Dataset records
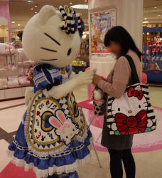その後に登場したミミィちゃんとも撮影しました。ミミィちゃんの時はもう空いていたので2回撮影出来ました。ミミィちゃん、私が持っているバッグのキティちゃんの裏にミミィちゃんが描かれているのをすっごく喜んでくれました。
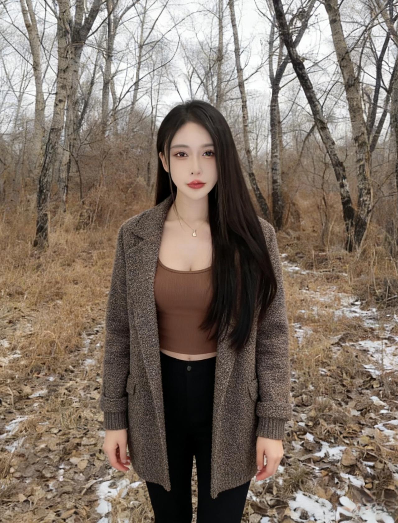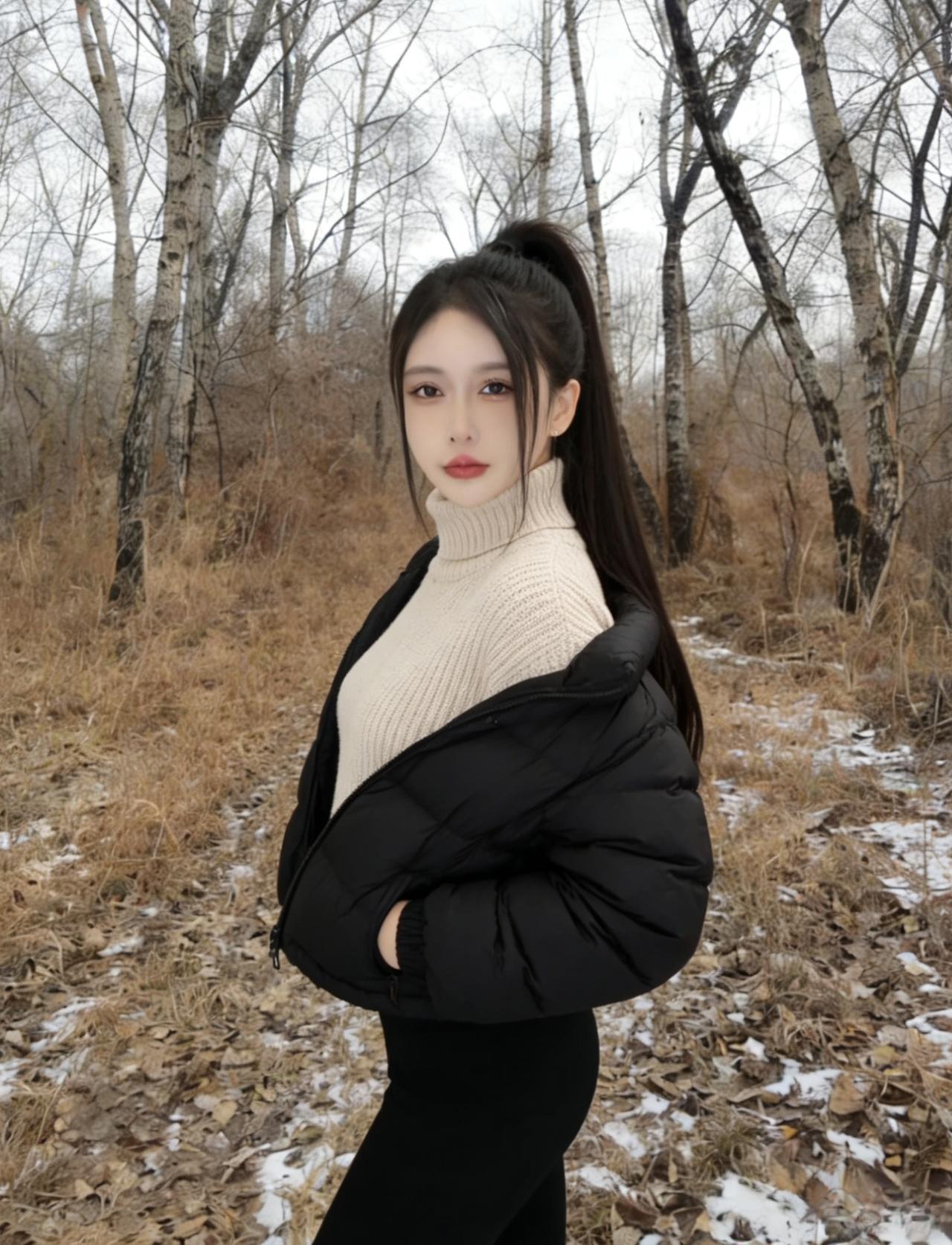 荒林剥去了绿的衣裳 白杨树的枝桠挑着薄雪 风掠过枯草时 卷走最后一声蝉鸣 在落叶与残雪的交界 她站成一道靓丽的风景
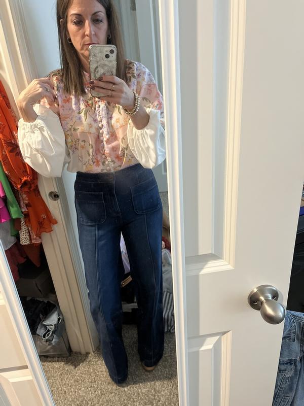 The top is cute with those flowers and colors but the sleeves are too long and it’s very baggy. The style is very unflattering. The sizes are not true. If you’re ordering it, atleast size down by 1 size.
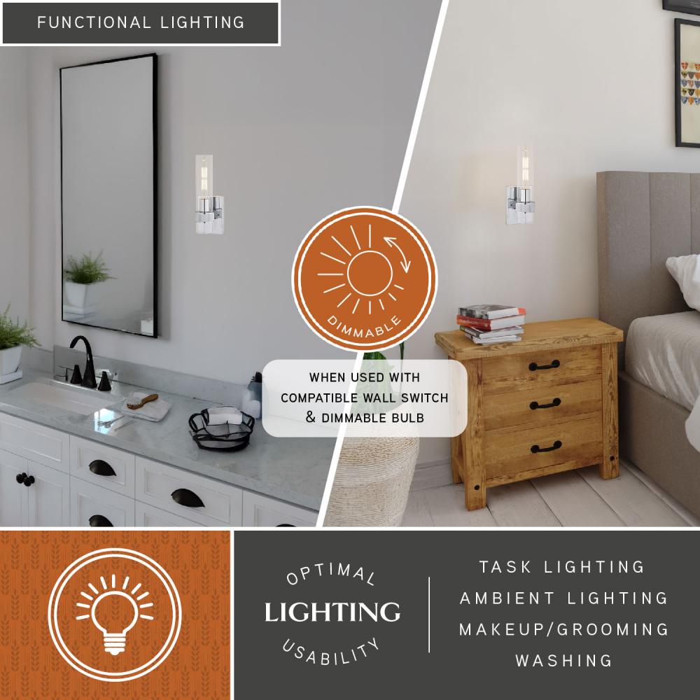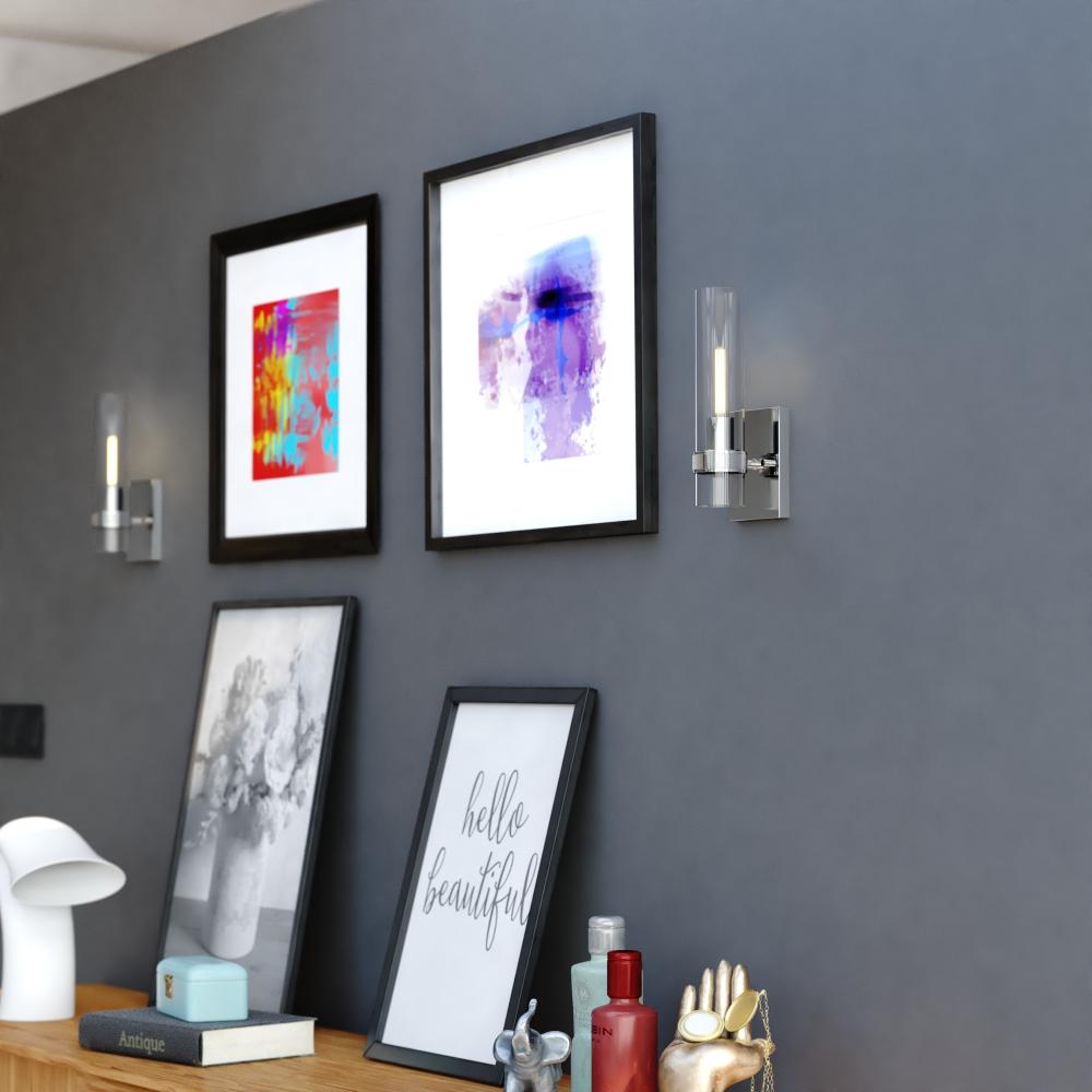 The Bari collection is a blend of simplicity and sophistication featuring a contemporary knurled ring. Ample light emanates from the elongated clear glass shade creating a dramatic effect. Pair with a clear filament bulb for the optimal look. This damp rated wall sconce is ideal for bathrooms, hallways, stairways, and bedrooms.
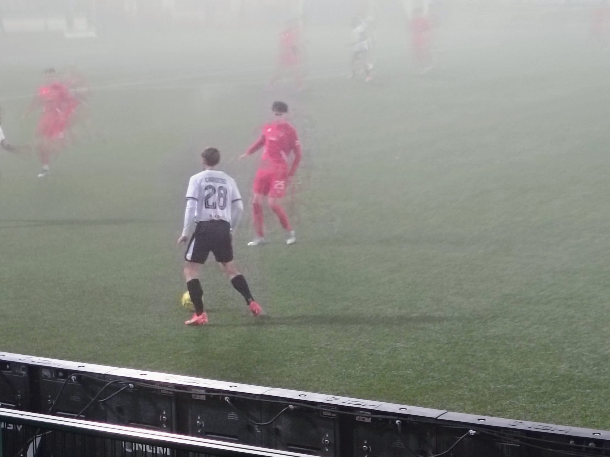 Fa freddo, freddissimo alle 17.30 al Robbiano Piola, poco sopra i due gradi centigradi, nella Pro Patria gioca Alberto Masi, indimenticato ex. Assenti nella Pro Pino per una botta in allenamento e Passador. Negli ospiti assenti Motolese, Reggiori e Di Munno. Mister Francesco Bolzoni ha preso il posto nei bustocchi di Leandro Greco. La nebbia incombe. Un minuto di silenzio per le vittime di Crans Montana. Nei primi minuti di gara, per quel che si può vedere attraverso la nebbia, la Pro Patria è propositiva, la Pro tenta qualche affondo ma gli ospiti contengono con facilità le offensive bianche ed anche il possesso palla della squadra di mister Santoni è spesso imperfetto per errori in palleggio. Al 15’ Coccolo di testa su azione conseguente a corner spedisce alto sopra la traversa, un quarto d’ora avaro di emozioni, i brividi sono di freddo per il caratteristico tempo da Robbiano, siamo a un grado centigrado. Intorno al 20’ la Pro sembra scuotersi ma la conclusione di Burruano è facile preda di Rovida. Al 24’ botta di Carosso con il mancino, Rovida vola e devia in calcio d’angolo. Ammonito al 28’ Masi per fallo su Comi. Al 41’ s’intravede un cross in area piccola di Comi verso Iotti che di testa impegna Rovida in una difficile respinta in corner. Tre minuti di recupero ed il primo tempo finisce 0 a 0.

Work to be completed:
With the pictures omitted, copy the entries above exactly from the line containing "荒林剥去了绿的衣裳 白杨树的枝桠挑着薄雪 风掠过枯草时" through the line containing "The Bari collection", both lines included.

Exercise answer:
 荒林剥去了绿的衣裳 白杨树的枝桠挑着薄雪 风掠过枯草时 卷走最后一声蝉鸣 在落叶与残雪的交界 她站成一道靓丽的风景
 The top is cute with those flowers and colors but the sleeves are too long and it’s very baggy. The style is very unflattering. The sizes are not true. If you’re ordering it, atleast size down by 1 size.
 The Bari collection is a blend of simplicity and sophistication featuring a contemporary knurled ring. Ample light emanates from the elongated clear glass shade creating a dramatic effect. Pair with a clear filament bulb for the optimal look. This damp rated wall sconce is ideal for bathrooms, hallways, stairways, and bedrooms.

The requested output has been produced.